**Task brief:** Transcribe the lines below verbatim, skipping the images.

(Saved data entries)
_____

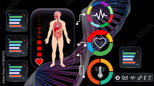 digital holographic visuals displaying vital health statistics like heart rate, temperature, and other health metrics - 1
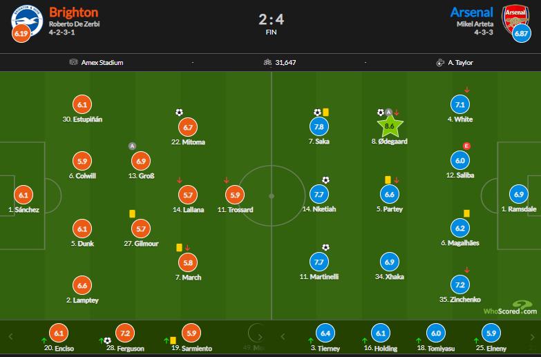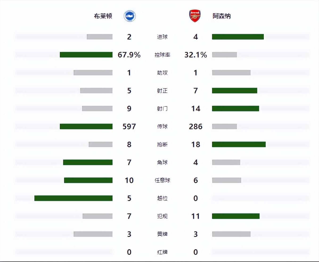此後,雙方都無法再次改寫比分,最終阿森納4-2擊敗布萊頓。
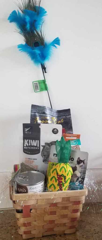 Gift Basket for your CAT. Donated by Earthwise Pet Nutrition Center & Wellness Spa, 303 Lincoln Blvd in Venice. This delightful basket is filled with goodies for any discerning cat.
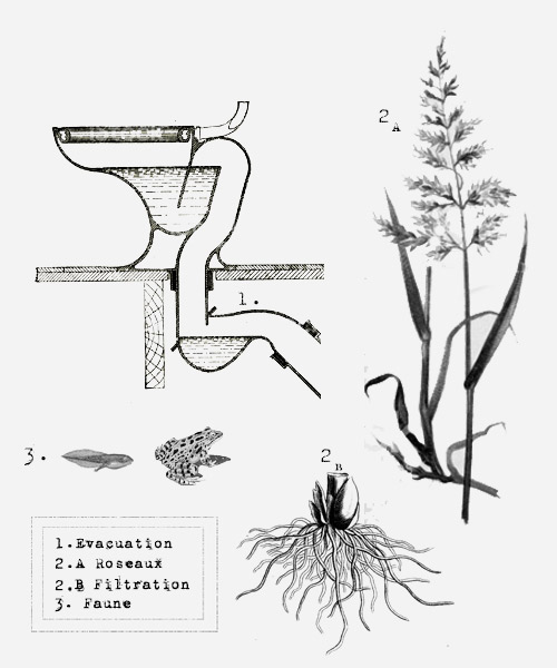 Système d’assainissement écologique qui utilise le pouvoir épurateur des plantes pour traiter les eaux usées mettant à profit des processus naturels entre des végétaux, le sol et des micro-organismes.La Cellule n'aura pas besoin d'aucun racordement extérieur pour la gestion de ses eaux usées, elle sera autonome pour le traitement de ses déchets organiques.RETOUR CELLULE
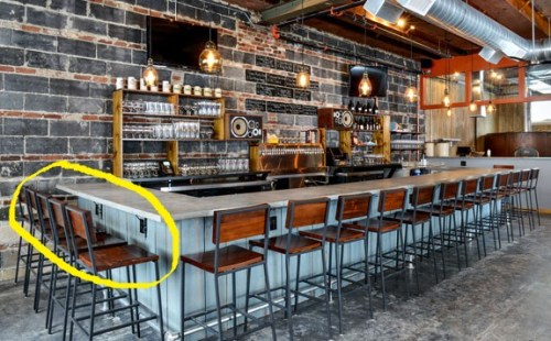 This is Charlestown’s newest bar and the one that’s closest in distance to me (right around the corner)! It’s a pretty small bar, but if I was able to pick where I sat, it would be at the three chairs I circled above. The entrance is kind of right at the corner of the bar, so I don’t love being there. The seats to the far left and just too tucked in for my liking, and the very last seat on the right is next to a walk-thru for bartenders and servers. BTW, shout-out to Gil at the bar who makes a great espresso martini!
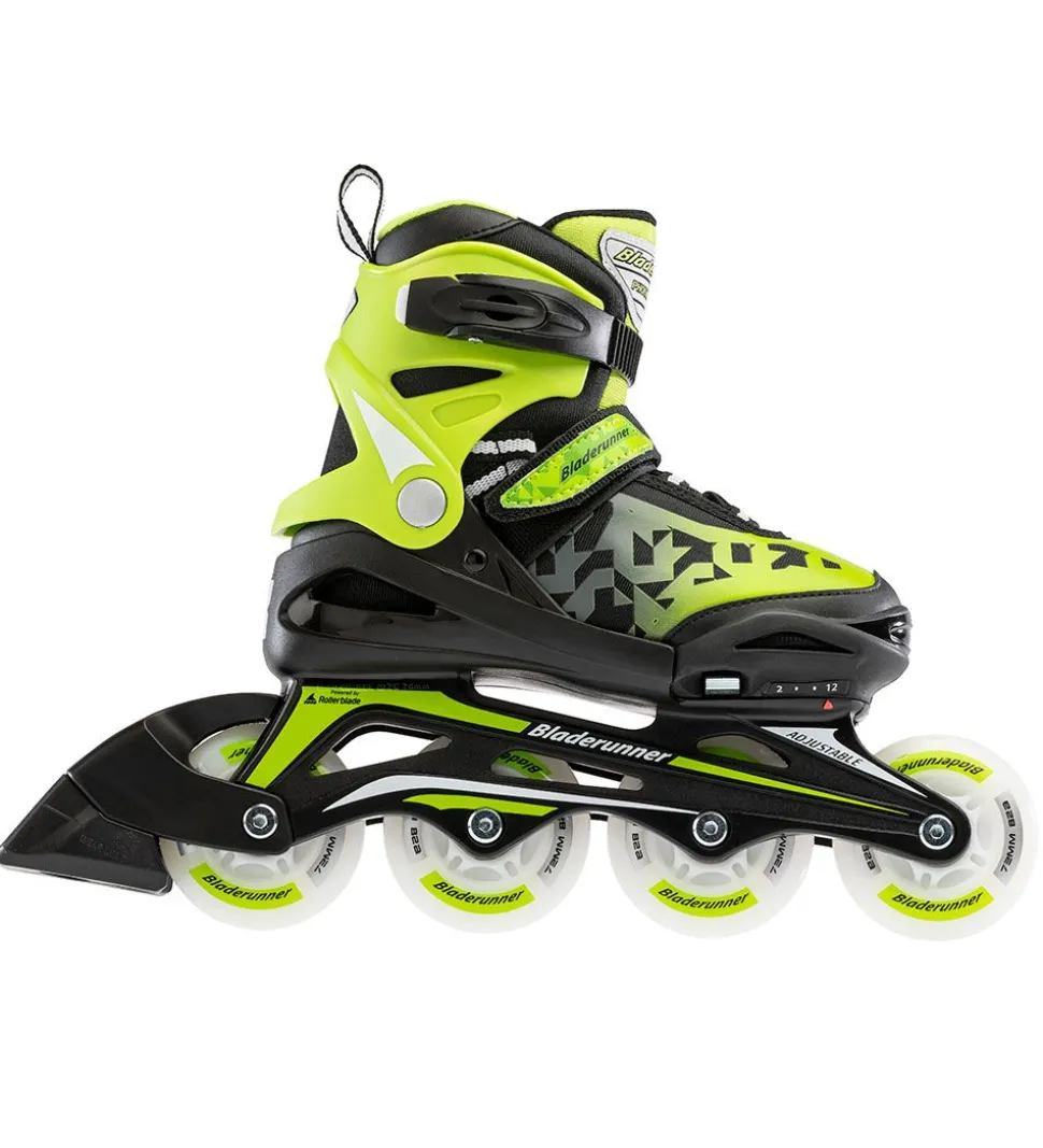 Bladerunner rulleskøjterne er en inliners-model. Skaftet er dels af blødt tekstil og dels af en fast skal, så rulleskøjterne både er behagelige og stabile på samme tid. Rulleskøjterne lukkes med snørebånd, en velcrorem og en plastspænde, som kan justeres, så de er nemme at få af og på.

_____

**Solution to this task:**
 digital holographic visuals displaying vital health statistics like heart rate, temperature, and other health metrics - 1
此後,雙方都無法再次改寫比分,最終阿森納4-2擊敗布萊頓。
 Gift Basket for your CAT. Donated by Earthwise Pet Nutrition Center & Wellness Spa, 303 Lincoln Blvd in Venice. This delightful basket is filled with goodies for any discerning cat.
 Système d’assainissement écologique qui utilise le pouvoir épurateur des plantes pour traiter les eaux usées mettant à profit des processus naturels entre des végétaux, le sol et des micro-organismes.La Cellule n'aura pas besoin d'aucun racordement extérieur pour la gestion de ses eaux usées, elle sera autonome pour le traitement de ses déchets organiques.RETOUR CELLULE
 This is Charlestown’s newest bar and the one that’s closest in distance to me (right around the corner)! It’s a pretty small bar, but if I was able to pick where I sat, it would be at the three chairs I circled above. The entrance is kind of right at the corner of the bar, so I don’t love being there. The seats to the far left and just too tucked in for my liking, and the very last seat on the right is next to a walk-thru for bartenders and servers. BTW, shout-out to Gil at the bar who makes a great espresso martini!
 Bladerunner rulleskøjterne er en inliners-model. Skaftet er dels af blødt tekstil og dels af en fast skal, så rulleskøjterne både er behagelige og stabile på samme tid. Rulleskøjterne lukkes med snørebånd, en velcrorem og en plastspænde, som kan justeres, så de er nemme at få af og på.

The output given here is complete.